* Task brief: Below are entries. Copy exactly the lines running from the line that holds "In Ogbe, Nigeria, two" to the line that holds "Ya han sido", with both ends included.

Records from a collection
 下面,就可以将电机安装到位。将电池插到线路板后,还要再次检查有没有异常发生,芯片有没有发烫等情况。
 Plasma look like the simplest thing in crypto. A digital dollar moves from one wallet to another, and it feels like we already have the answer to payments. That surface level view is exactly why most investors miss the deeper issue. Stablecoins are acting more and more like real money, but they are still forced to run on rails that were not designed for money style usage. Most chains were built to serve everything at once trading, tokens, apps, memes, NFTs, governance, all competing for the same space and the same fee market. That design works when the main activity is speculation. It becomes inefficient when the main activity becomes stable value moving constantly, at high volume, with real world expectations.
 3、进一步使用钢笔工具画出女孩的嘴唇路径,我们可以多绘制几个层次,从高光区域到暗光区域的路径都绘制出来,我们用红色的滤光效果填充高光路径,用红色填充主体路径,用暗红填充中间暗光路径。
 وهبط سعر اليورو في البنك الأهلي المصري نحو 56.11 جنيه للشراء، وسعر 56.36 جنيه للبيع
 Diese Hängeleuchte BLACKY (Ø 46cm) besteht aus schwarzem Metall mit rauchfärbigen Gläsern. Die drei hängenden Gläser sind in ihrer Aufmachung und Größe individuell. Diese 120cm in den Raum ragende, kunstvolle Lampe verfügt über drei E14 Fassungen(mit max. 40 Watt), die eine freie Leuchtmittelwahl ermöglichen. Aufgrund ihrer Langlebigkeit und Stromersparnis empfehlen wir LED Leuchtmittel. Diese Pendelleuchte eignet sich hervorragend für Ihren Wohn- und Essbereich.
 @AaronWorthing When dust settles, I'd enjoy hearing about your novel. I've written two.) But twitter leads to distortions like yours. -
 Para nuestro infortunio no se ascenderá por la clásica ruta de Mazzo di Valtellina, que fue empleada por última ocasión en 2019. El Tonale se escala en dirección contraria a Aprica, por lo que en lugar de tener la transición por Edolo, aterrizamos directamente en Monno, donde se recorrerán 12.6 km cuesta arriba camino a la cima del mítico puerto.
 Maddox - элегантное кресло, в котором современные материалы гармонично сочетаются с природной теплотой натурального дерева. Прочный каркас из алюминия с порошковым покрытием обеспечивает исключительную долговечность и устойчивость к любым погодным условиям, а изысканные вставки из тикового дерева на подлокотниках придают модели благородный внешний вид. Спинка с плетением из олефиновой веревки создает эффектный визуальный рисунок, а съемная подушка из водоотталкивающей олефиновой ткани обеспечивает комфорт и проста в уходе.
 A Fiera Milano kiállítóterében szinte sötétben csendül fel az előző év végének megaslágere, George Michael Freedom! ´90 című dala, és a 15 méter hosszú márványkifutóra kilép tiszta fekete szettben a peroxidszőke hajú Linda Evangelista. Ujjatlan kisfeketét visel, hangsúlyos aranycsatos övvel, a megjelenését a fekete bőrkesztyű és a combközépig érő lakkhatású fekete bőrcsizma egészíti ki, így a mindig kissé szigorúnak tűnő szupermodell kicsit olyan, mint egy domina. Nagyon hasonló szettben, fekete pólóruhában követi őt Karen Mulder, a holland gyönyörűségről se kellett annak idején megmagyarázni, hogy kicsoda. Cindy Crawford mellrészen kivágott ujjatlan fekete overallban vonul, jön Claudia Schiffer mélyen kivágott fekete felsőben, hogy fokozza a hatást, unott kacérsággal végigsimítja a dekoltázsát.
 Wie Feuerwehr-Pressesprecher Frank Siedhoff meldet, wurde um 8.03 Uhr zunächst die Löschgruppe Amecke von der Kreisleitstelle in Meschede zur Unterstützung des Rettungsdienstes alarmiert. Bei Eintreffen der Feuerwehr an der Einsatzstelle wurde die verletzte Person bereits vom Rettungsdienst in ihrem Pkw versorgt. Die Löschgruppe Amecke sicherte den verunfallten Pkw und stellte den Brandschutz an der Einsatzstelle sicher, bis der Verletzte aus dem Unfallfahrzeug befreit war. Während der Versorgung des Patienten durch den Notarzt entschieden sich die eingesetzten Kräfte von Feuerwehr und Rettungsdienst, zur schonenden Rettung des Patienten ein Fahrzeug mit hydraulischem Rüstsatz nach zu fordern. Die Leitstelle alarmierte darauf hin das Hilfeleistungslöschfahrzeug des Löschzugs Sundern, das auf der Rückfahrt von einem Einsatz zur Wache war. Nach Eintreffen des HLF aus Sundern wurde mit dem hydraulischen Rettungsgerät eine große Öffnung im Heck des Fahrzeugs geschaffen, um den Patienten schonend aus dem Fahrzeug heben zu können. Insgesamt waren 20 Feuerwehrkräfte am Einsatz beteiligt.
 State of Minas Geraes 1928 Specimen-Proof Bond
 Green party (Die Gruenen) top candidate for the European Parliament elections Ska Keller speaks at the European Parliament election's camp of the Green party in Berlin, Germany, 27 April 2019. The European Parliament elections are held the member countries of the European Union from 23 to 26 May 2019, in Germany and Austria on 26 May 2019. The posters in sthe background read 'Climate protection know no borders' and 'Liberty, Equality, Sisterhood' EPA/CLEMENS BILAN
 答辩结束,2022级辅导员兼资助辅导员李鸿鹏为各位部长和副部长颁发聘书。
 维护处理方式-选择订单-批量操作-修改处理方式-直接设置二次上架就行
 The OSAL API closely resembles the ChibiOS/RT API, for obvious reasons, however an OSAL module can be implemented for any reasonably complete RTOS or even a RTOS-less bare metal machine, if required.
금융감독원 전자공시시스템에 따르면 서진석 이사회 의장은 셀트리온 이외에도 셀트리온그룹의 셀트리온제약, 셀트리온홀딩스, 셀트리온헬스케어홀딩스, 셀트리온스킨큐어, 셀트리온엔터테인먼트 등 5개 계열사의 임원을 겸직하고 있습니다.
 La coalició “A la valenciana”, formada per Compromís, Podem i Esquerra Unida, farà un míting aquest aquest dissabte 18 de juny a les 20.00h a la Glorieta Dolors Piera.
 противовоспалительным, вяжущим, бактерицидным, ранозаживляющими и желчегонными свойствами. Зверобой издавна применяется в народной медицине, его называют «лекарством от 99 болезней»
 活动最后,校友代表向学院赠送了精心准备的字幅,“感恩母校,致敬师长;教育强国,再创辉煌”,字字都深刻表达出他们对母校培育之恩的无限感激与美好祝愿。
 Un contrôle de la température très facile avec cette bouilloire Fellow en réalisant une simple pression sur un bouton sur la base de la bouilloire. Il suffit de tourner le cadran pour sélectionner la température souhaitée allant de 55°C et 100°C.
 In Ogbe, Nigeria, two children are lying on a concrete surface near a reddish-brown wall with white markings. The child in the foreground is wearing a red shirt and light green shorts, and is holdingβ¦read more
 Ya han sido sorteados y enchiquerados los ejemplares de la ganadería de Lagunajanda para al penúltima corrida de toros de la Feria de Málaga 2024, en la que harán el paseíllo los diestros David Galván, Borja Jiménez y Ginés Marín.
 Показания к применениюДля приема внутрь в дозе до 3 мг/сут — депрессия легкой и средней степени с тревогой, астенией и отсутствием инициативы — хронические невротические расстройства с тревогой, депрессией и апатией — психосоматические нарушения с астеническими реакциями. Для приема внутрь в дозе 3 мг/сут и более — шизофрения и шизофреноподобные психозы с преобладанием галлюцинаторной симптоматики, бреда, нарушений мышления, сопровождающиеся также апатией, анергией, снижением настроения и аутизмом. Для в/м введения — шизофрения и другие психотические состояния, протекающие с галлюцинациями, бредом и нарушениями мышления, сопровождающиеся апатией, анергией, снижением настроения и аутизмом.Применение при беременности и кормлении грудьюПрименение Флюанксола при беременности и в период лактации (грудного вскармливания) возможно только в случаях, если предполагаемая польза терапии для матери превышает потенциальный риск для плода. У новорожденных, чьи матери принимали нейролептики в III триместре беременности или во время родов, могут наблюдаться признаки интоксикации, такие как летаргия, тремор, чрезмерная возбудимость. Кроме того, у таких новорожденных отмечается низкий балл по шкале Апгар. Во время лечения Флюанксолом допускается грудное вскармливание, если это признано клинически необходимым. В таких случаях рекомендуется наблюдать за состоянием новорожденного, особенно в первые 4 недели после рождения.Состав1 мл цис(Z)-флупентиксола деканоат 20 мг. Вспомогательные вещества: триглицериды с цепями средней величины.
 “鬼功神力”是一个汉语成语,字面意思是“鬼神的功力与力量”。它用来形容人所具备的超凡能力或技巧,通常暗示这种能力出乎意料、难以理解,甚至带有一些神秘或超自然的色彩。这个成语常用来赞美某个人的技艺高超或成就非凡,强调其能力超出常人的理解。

* Answer box:
 In Ogbe, Nigeria, two children are lying on a concrete surface near a reddish-brown wall with white markings. The child in the foreground is wearing a red shirt and light green shorts, and is holdingβ¦read more
 Ya han sido sorteados y enchiquerados los ejemplares de la ganadería de Lagunajanda para al penúltima corrida de toros de la Feria de Málaga 2024, en la que harán el paseíllo los diestros David Galván, Borja Jiménez y Ginés Marín.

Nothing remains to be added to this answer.